Parametric Models
Outliers
Specify outliers using the class type:
class_type = "outliers"
Outliers are sampled from the 2D space defined by \(x_r \times y_r\), where \(x_r\) (x range) is the closed interval of values that x can take and \(y_r\) (y range) is the closed interval of values that y can take.
"outliers": {
"x_r": (-2.5, 2.5),
"y_r": (-2.5, 2.5)
}
Conics
Circles
Specify circles using the class type:
class_type = "circles"
Circles are generated by uniformly sampling a center and a radius from the closed intervals specified by the user.
The default values are:
"circles": {
"radius_r": (0.5, 1.5),
"x_center_r": (-1.0, 1.0),
"y_center_r": (-1.0, 1.0),
}
Lines
Specify lines using the class type:
class_type = "lines"
Lines are generated by randomly sampling two points in the 2D space \(x_r \times y_r\) to define slope and intercept, and then sampling points belonging to this line.
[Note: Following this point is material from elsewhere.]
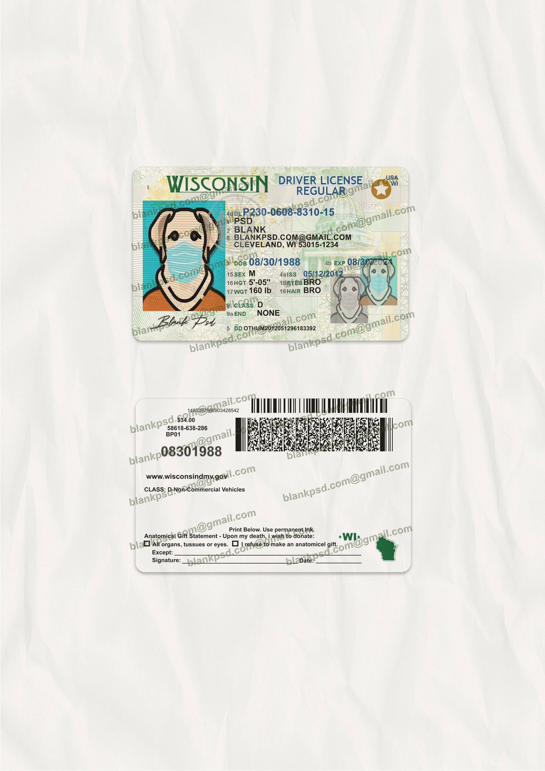 You can edit Wisconsin Drivers License Template and put any : name, address, Id number, expire date, barcode, date of birth, height, weight, expire date, change photos..etc.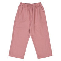 Müsli bukser blød bomulds twill. Bukserne er uden stræk og har elastik i taljen og lommer i siderne. Der er et lille opfold i bukseafslutningen.

Each point of the line is ensured to belong to the 2D space \(x_r \times y_r\).
"lines": {
"x_r": (-2.5, 2.5),
"y_r": (-2.5, 2.5)
}
Ellipses
Specify ellipses using the class type:
class_type = "ellipses"
Ellipses are generated by uniformly sampling a center and a radius from the closed intervals specified by the user, and then applying horizontal stretch/shrinkage to the sampled circle.
The default values are:
"ellipses": {
"radius_r": (0.5, 1.5),
"x_center_r": (-1, 1),
"y_center_r": (-1, 1),
"width_r": (0.1, 1),
"height_r": (0.1, 1)
}
Any Conic
Specify any conic using the class type:
class_type = "conics"
This option randomly samples models from all the classes specified above. Note: Hyperbola is not implemented yet.